WORK INSTRUCTIONS » For this exercise, output exactly the lines from the opening line of the listing through the line with "1. Disconnect joint", skipping pictures.

GIVEN DATA »
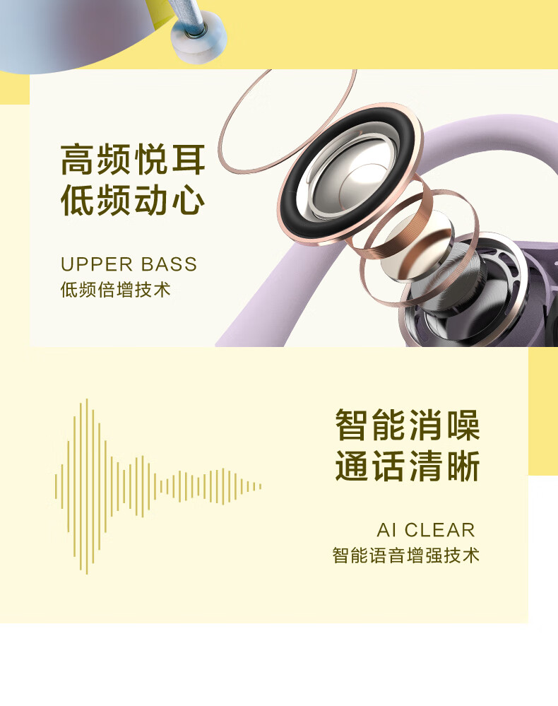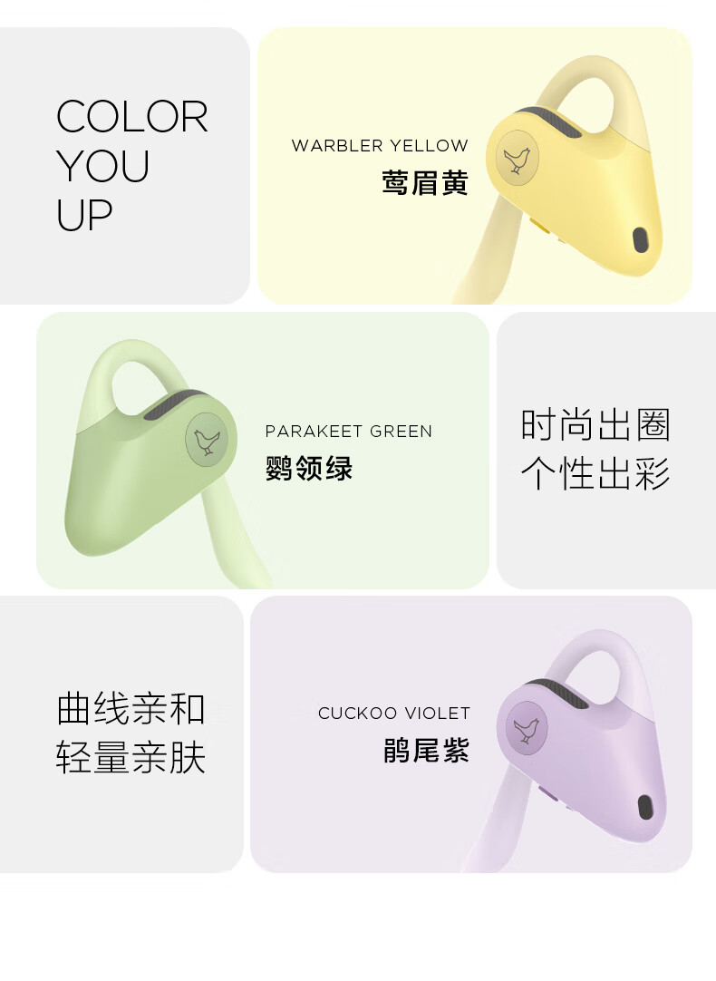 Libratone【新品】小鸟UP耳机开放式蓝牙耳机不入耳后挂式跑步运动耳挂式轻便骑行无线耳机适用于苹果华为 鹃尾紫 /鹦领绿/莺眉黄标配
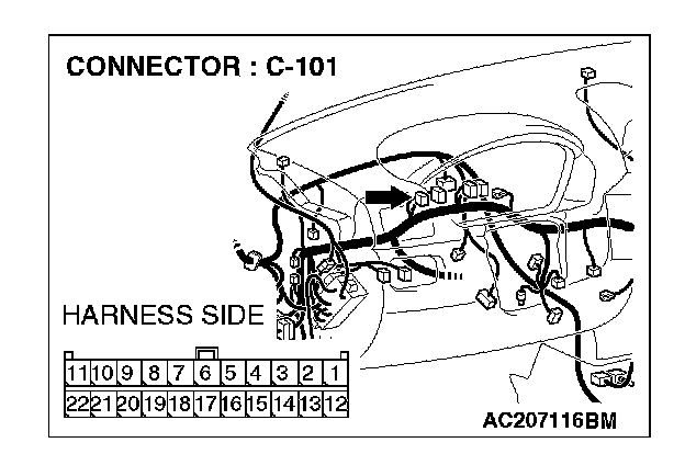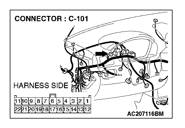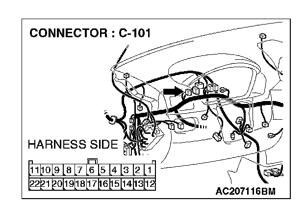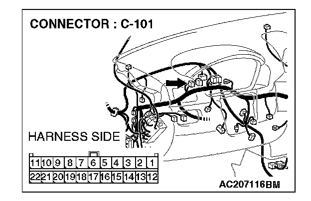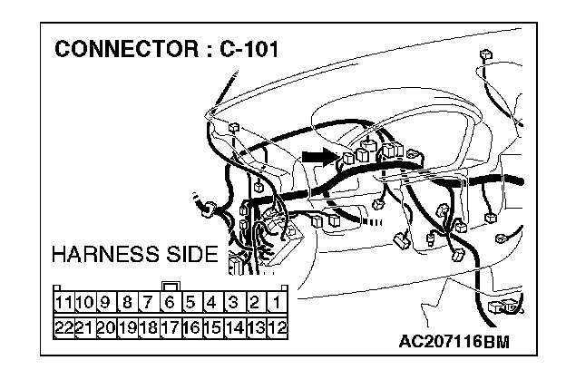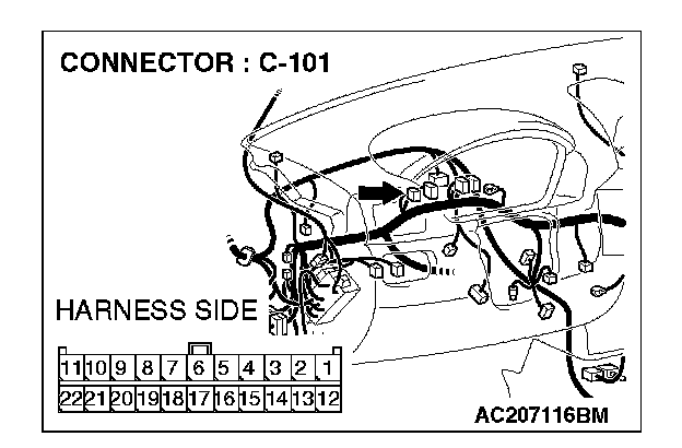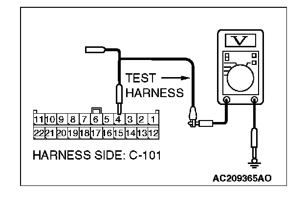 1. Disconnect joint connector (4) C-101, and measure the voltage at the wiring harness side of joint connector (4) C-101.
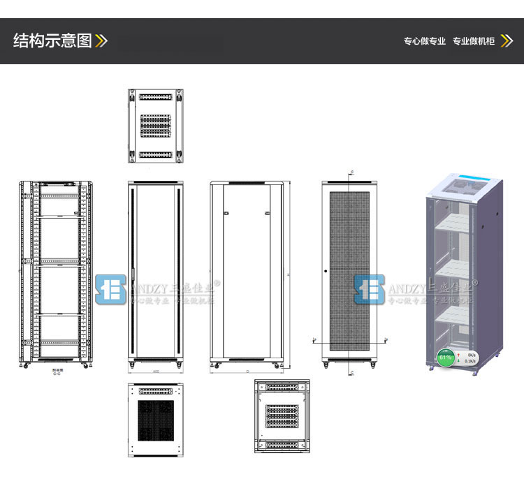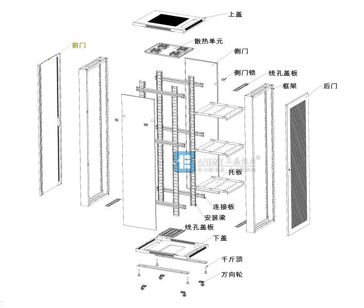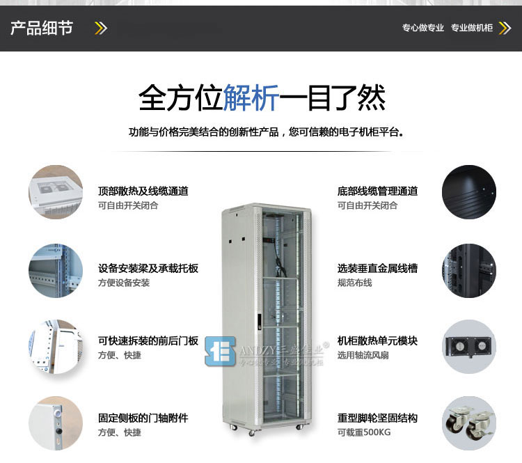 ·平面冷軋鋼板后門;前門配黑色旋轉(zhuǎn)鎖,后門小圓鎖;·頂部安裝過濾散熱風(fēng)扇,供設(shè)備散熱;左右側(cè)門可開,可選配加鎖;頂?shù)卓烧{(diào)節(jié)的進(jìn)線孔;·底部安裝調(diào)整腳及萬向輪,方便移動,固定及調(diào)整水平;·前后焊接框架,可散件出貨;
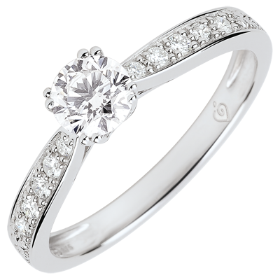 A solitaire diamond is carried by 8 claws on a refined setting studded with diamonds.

ANSWER TO THIS PROBLEM »
 Libratone【新品】小鸟UP耳机开放式蓝牙耳机不入耳后挂式跑步运动耳挂式轻便骑行无线耳机适用于苹果华为 鹃尾紫 /鹦领绿/莺眉黄标配
 1. Disconnect joint connector (4) C-101, and measure the voltage at the wiring harness side of joint connector (4) C-101.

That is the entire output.